### Directions
In duplicating the lines below, keep every word unchanged and drop the pictures.

[Collection entries]
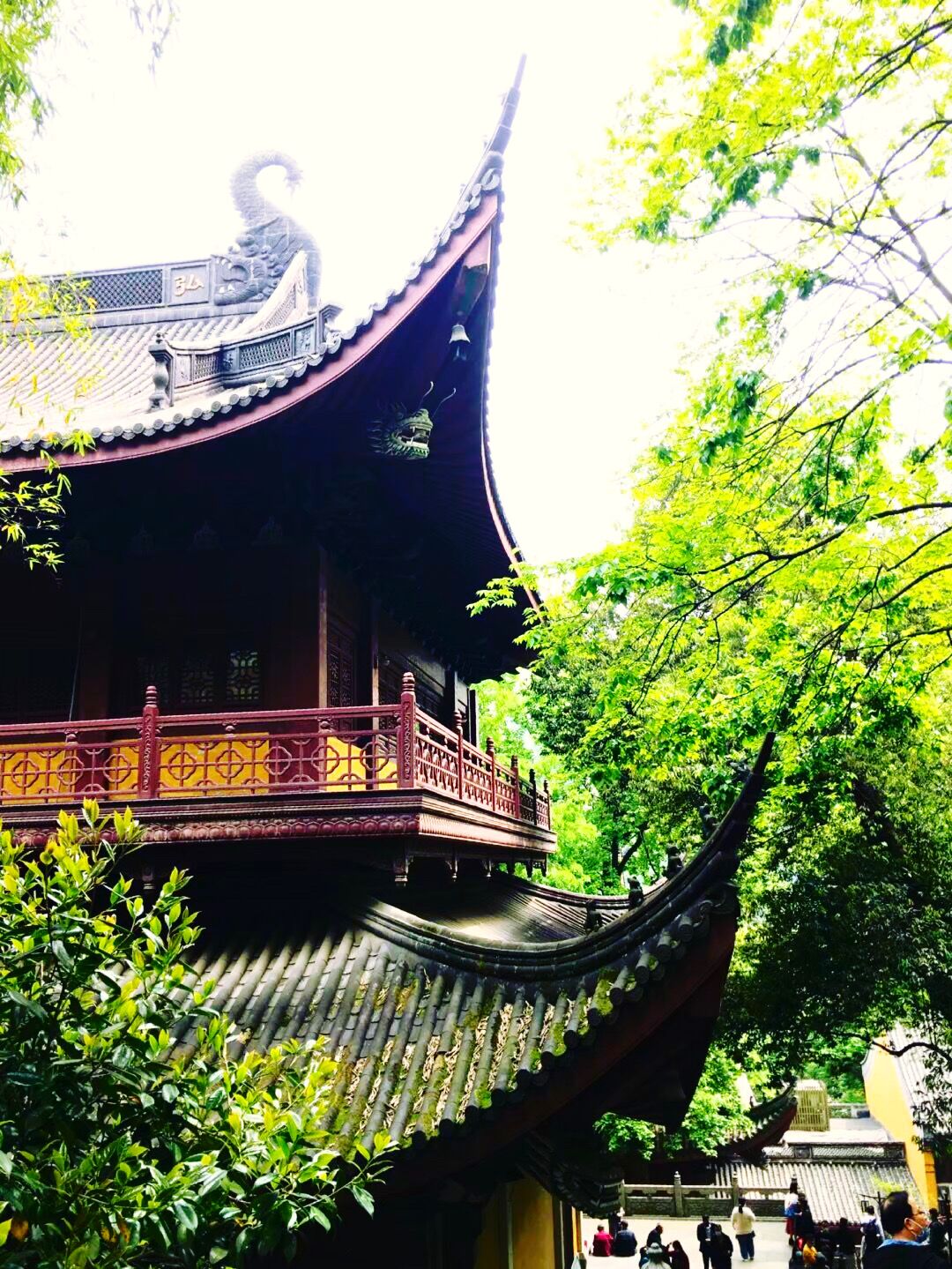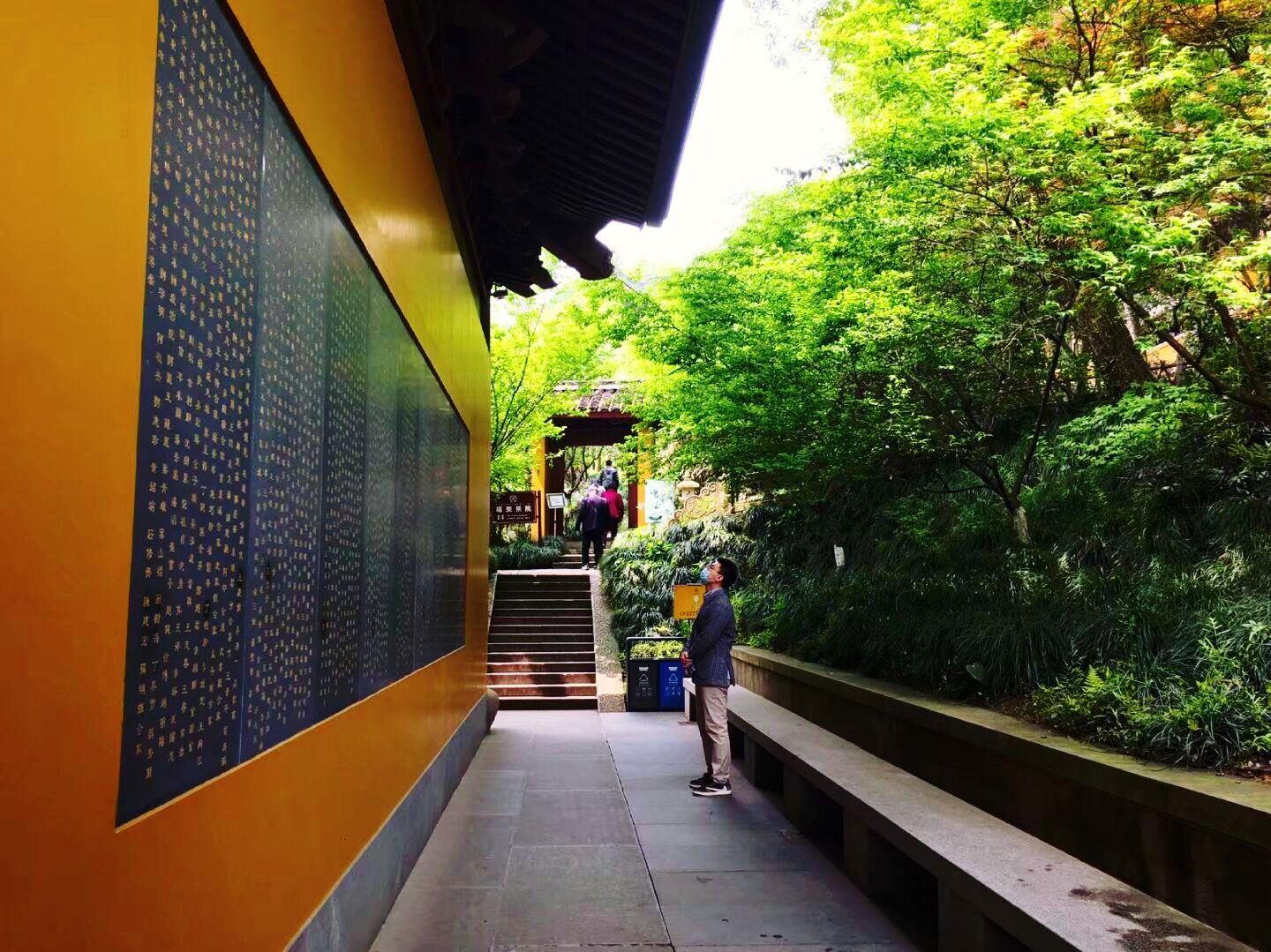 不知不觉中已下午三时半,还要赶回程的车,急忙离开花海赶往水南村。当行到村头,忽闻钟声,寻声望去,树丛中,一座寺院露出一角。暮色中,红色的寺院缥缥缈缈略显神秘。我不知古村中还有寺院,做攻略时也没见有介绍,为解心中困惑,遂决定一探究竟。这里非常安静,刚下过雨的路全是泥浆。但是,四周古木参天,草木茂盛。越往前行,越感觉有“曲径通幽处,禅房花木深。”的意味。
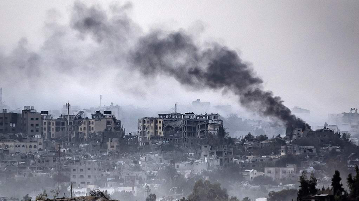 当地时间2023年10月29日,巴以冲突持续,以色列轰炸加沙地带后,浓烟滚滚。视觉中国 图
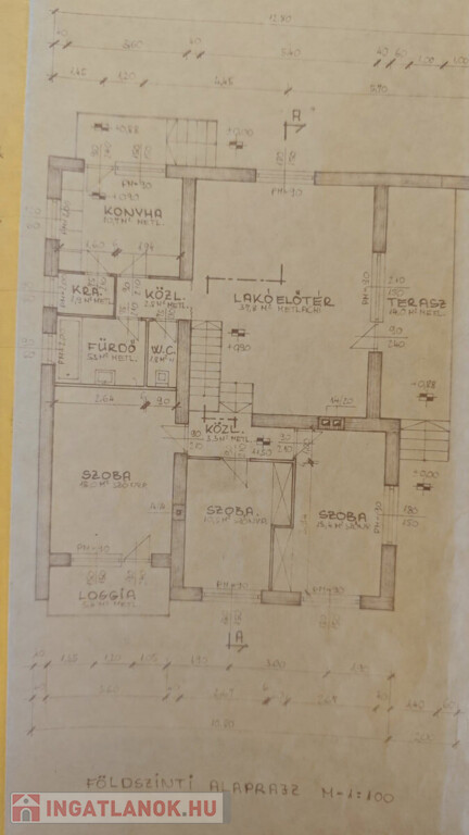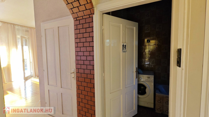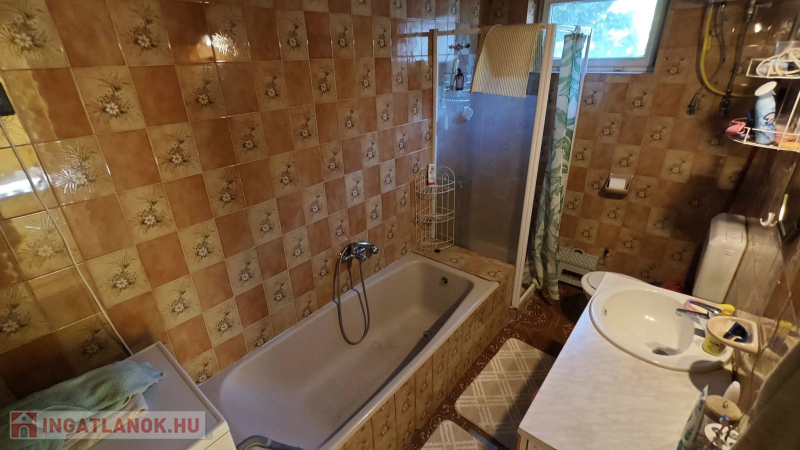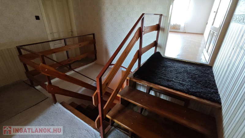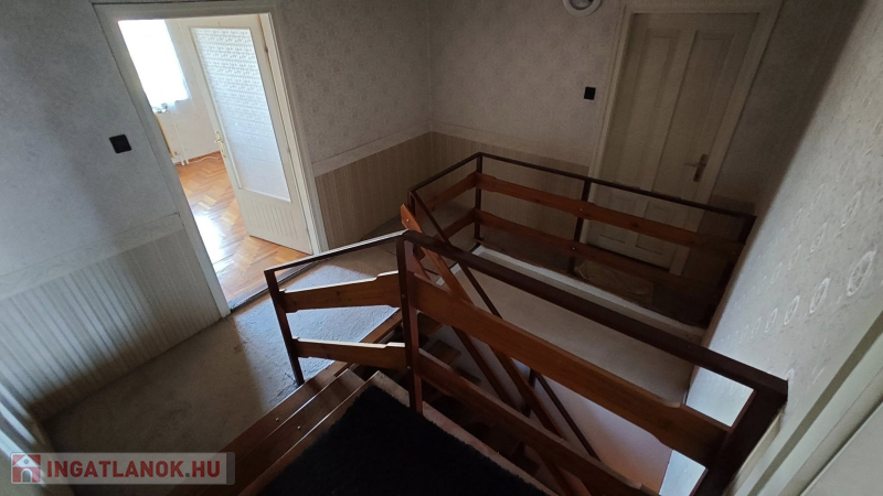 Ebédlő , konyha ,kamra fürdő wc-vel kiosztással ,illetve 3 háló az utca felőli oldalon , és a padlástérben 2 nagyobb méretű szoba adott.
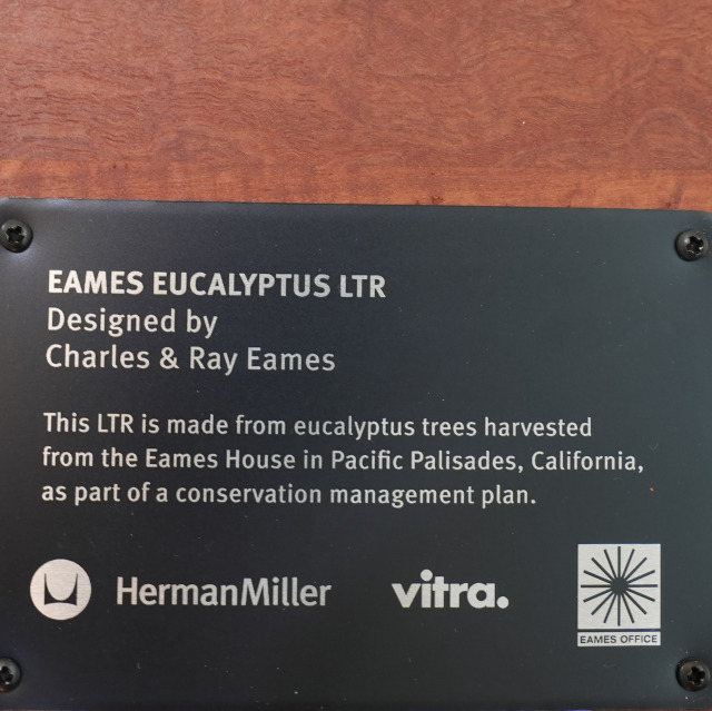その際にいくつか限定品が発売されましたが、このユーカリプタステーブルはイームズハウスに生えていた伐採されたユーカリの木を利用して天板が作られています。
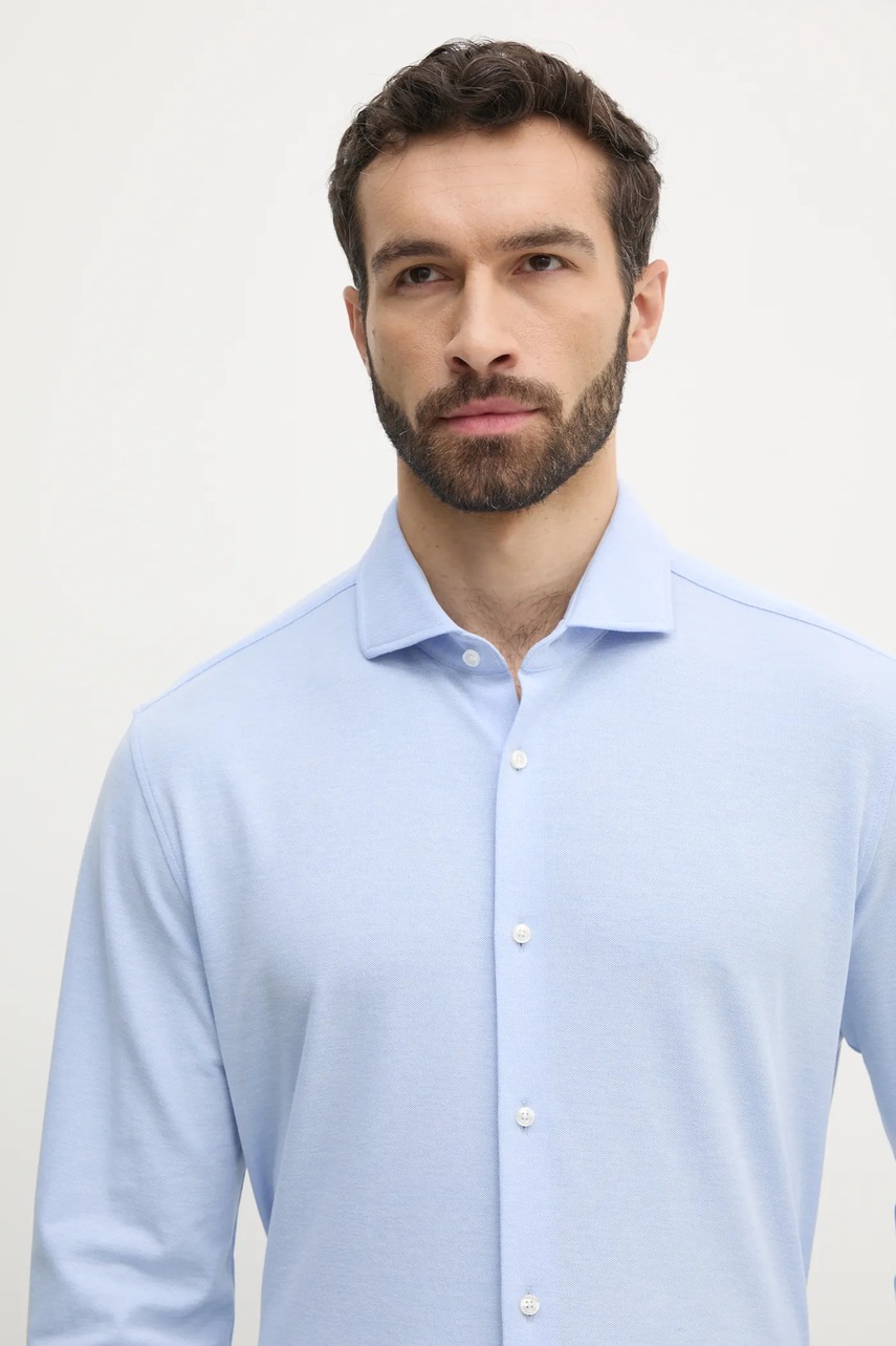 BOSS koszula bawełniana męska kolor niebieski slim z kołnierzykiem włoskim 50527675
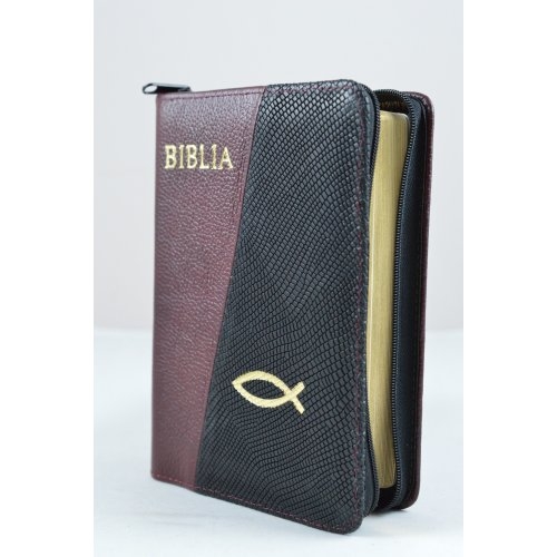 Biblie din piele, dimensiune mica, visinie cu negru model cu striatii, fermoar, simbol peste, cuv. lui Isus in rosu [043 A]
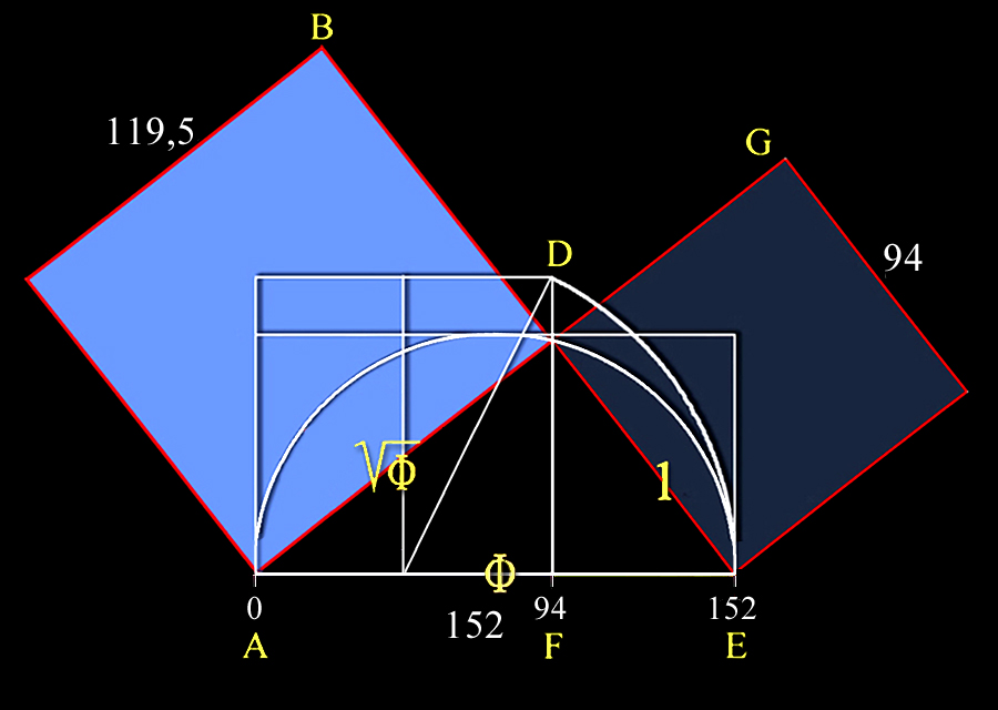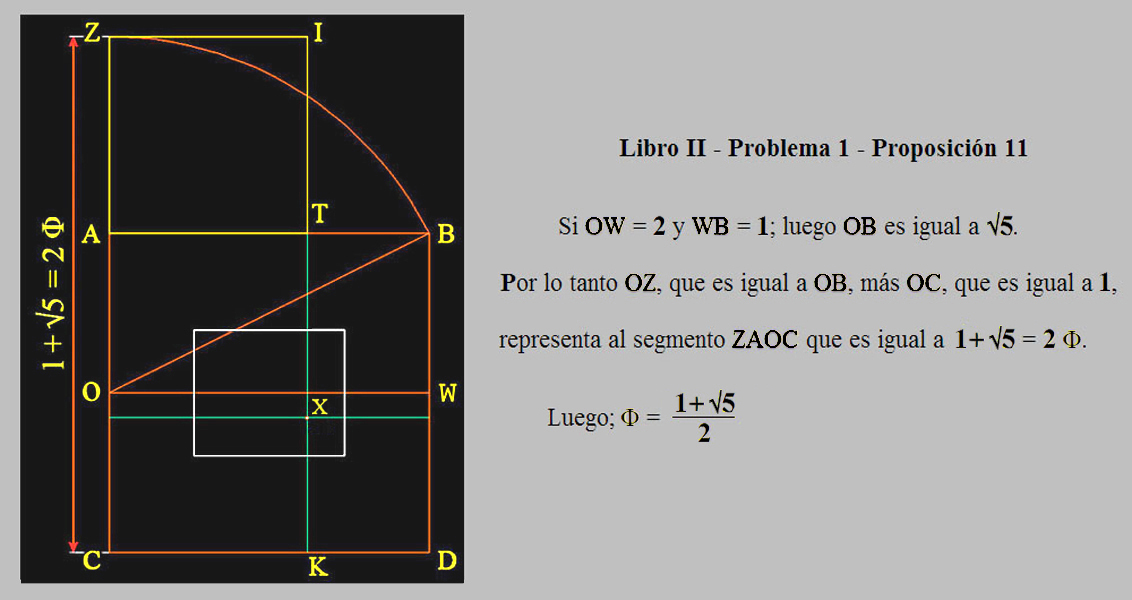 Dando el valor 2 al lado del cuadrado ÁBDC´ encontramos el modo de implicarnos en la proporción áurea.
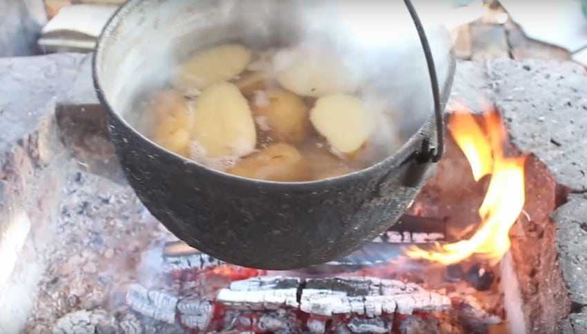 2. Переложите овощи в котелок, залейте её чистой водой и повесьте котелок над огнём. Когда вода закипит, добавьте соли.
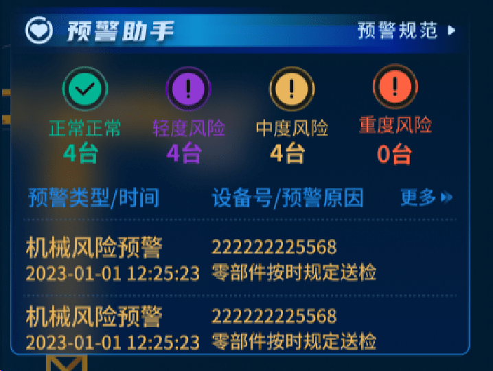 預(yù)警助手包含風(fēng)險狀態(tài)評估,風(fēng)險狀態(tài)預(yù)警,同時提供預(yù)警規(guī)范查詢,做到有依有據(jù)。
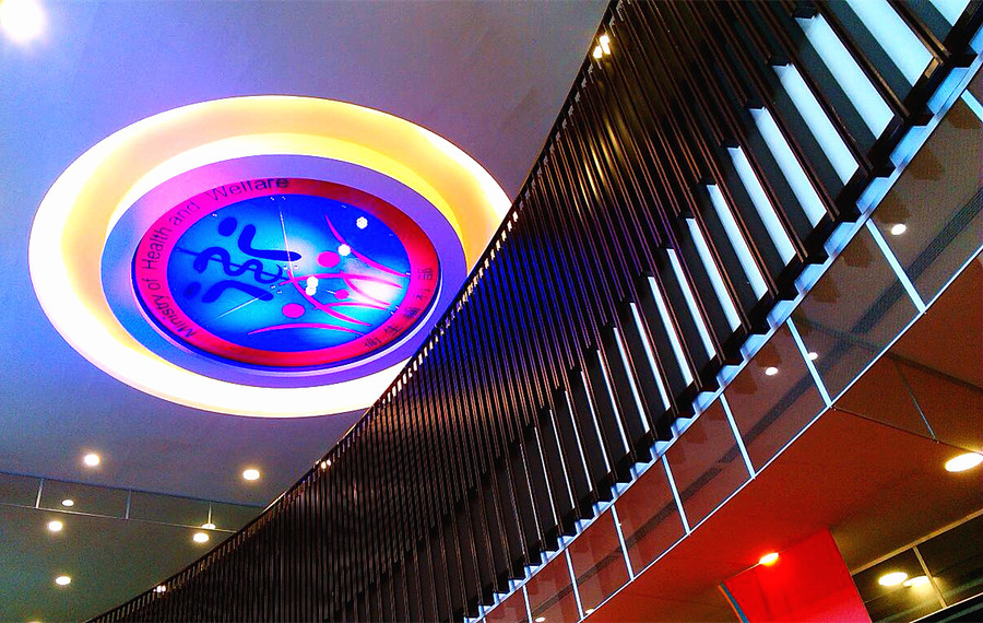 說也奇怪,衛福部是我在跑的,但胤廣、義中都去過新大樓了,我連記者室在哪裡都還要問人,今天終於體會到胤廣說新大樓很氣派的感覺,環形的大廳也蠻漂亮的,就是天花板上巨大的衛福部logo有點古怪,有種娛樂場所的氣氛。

### Response area
 不知不觉中已下午三时半,还要赶回程的车,急忙离开花海赶往水南村。当行到村头,忽闻钟声,寻声望去,树丛中,一座寺院露出一角。暮色中,红色的寺院缥缥缈缈略显神秘。我不知古村中还有寺院,做攻略时也没见有介绍,为解心中困惑,遂决定一探究竟。这里非常安静,刚下过雨的路全是泥浆。但是,四周古木参天,草木茂盛。越往前行,越感觉有“曲径通幽处,禅房花木深。”的意味。
 当地时间2023年10月29日,巴以冲突持续,以色列轰炸加沙地带后,浓烟滚滚。视觉中国 图
 Ebédlő , konyha ,kamra fürdő wc-vel kiosztással ,illetve 3 háló az utca felőli oldalon , és a padlástérben 2 nagyobb méretű szoba adott.
その際にいくつか限定品が発売されましたが、このユーカリプタステーブルはイームズハウスに生えていた伐採されたユーカリの木を利用して天板が作られています。
 BOSS koszula bawełniana męska kolor niebieski slim z kołnierzykiem włoskim 50527675
 Biblie din piele, dimensiune mica, visinie cu negru model cu striatii, fermoar, simbol peste, cuv. lui Isus in rosu [043 A]
 Dando el valor 2 al lado del cuadrado ÁBDC´ encontramos el modo de implicarnos en la proporción áurea.
 2. Переложите овощи в котелок, залейте её чистой водой и повесьте котелок над огнём. Когда вода закипит, добавьте соли.
 預(yù)警助手包含風(fēng)險狀態(tài)評估,風(fēng)險狀態(tài)預(yù)警,同時提供預(yù)警規(guī)范查詢,做到有依有據(jù)。
 說也奇怪,衛福部是我在跑的,但胤廣、義中都去過新大樓了,我連記者室在哪裡都還要問人,今天終於體會到胤廣說新大樓很氣派的感覺,環形的大廳也蠻漂亮的,就是天花板上巨大的衛福部logo有點古怪,有種娛樂場所的氣氛。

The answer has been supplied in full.